X2[['resid','date']].sort_values('resid').tail(10)
| resid | date | |
|---|---|---|
| 912 | 13251.521710 | 2016-06-02 |
| 1004 | 13604.826915 | 2016-09-16 |
| 1005 | 14157.219264 | 2016-09-17 |
| 1043 | 14443.317593 | 2016-11-02 |
| 697 | 14449.835545 | 2015-09-25 |
| 1014 | 14912.695199 | 2016-09-26 |
| 1031 | 15114.680414 | 2016-10-20 |
| 1003 | 15120.889805 | 2016-09-15 |
| 740 | 16168.785091 | 2015-11-11 |
| 260 | 19579.541596 | 2014-04-30 |
Conclusions
- We built several models to predict the number of NYC Citibike rides taken on a certain date.

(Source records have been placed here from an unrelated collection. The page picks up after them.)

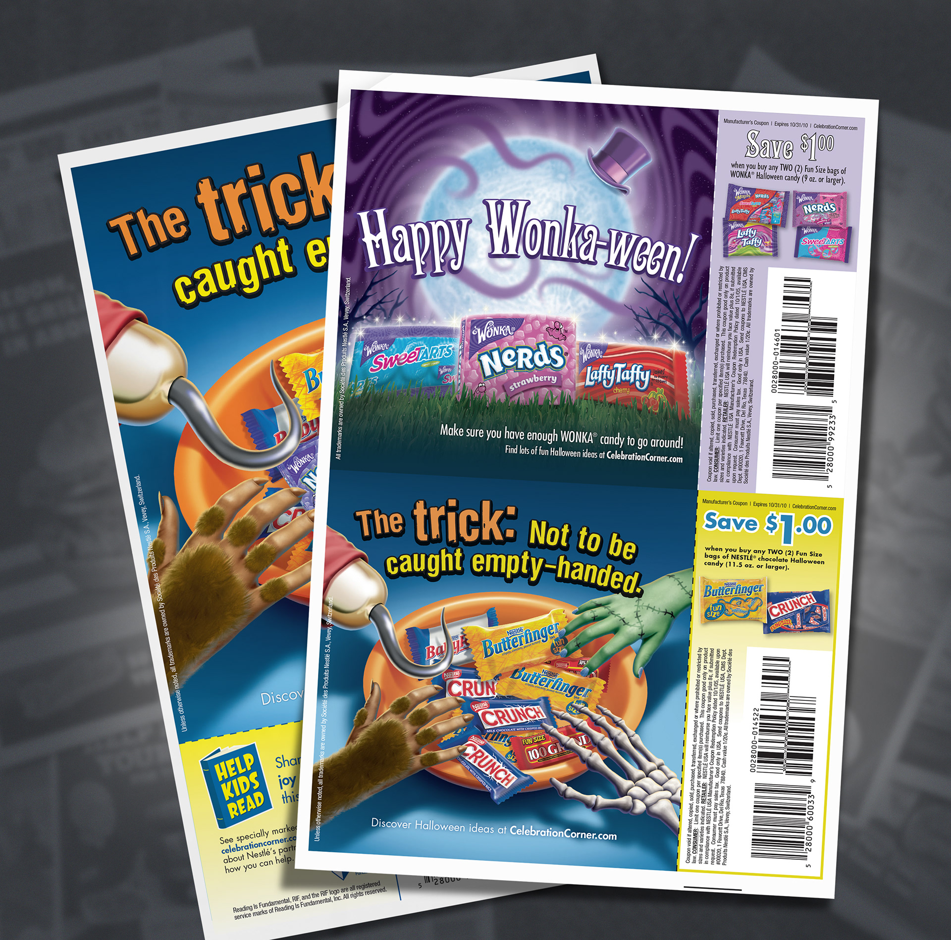These Halloween FSIs are always fun! We had a lot of good ideas, I’m glad these two concepts went forward. Special thanks to our illustrator friend Dave Aikins for bringing these to life.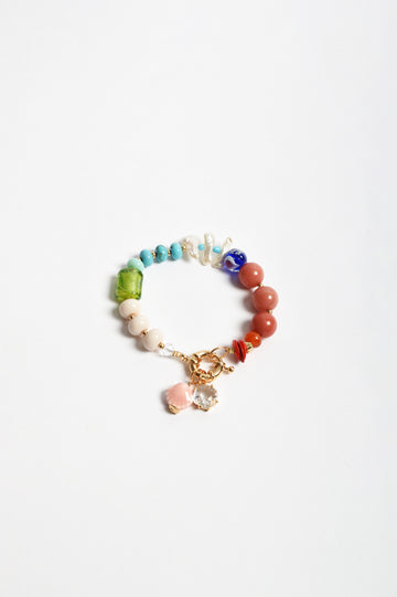 The Summer Mix Bead Bracelet in Multi is a mixed bead design finished with shell and stone charms. It secures with a spring ring clasp and is crafted from pearl, shell, stone and plated metal.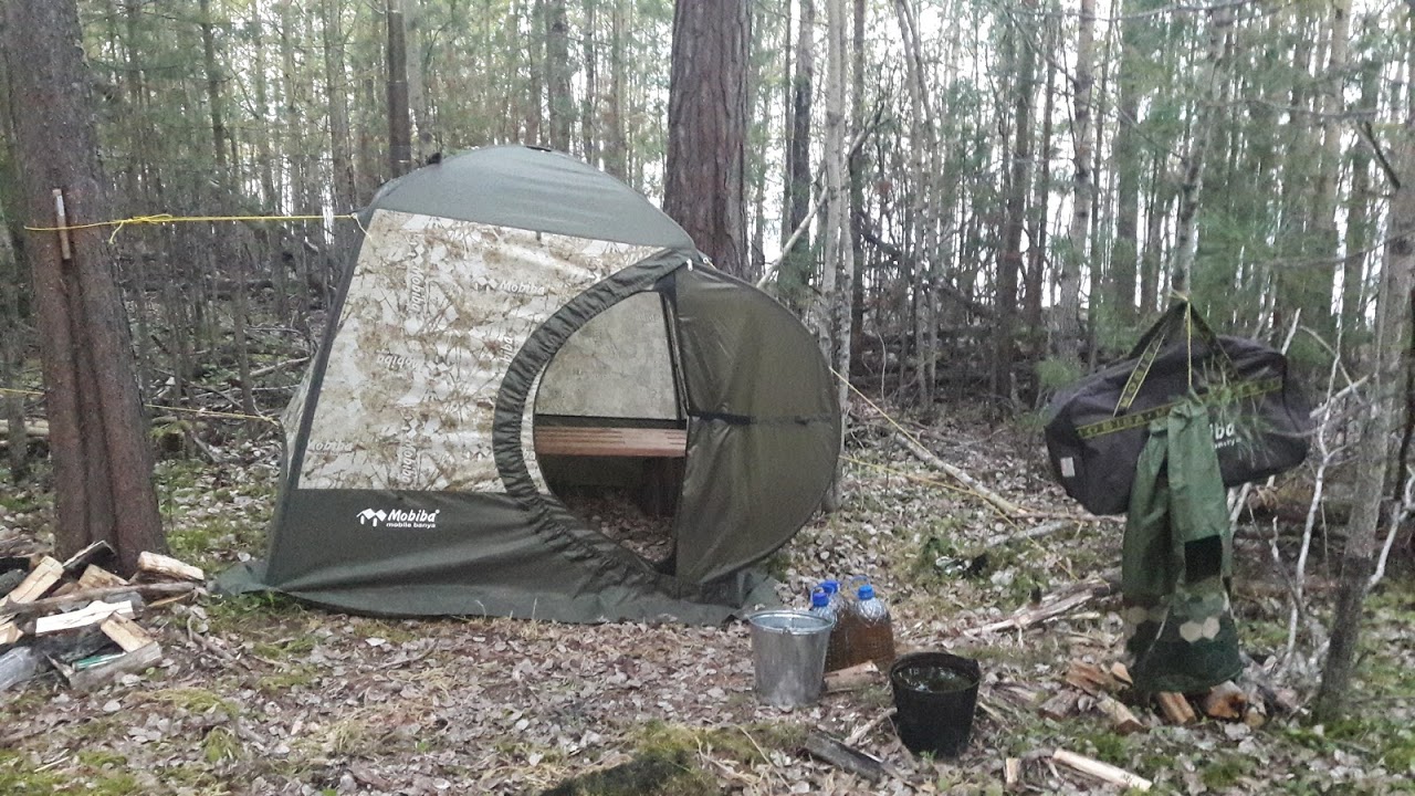 Парились часов 5, заныривая в речку после каждого выхода из бани. С камнями температура в МБ-10А поднималась до 110гр. Это было очень жарко! Все приседали на пол,когда поддавал на каменку.В общем друзья оценили! Хотя в начале как то не решались, думали что за баня в палатке :)

- The baseline model, a simple linear regression, performed fairly well with a cross-validated estimated R^2 of 0.82.
- A random forest regressor had a cross-validated estimated R^2 of 0.85.
- Hyperparameter tuning of the random forest improved the cross-validated estimate of R^2 to 0.86.
- This model had a R^2 of 0.89 on the test set.
- Examining residuals suggests that the model is significantly overpredicting on days surrounding holidays; this could be an area for future improvement.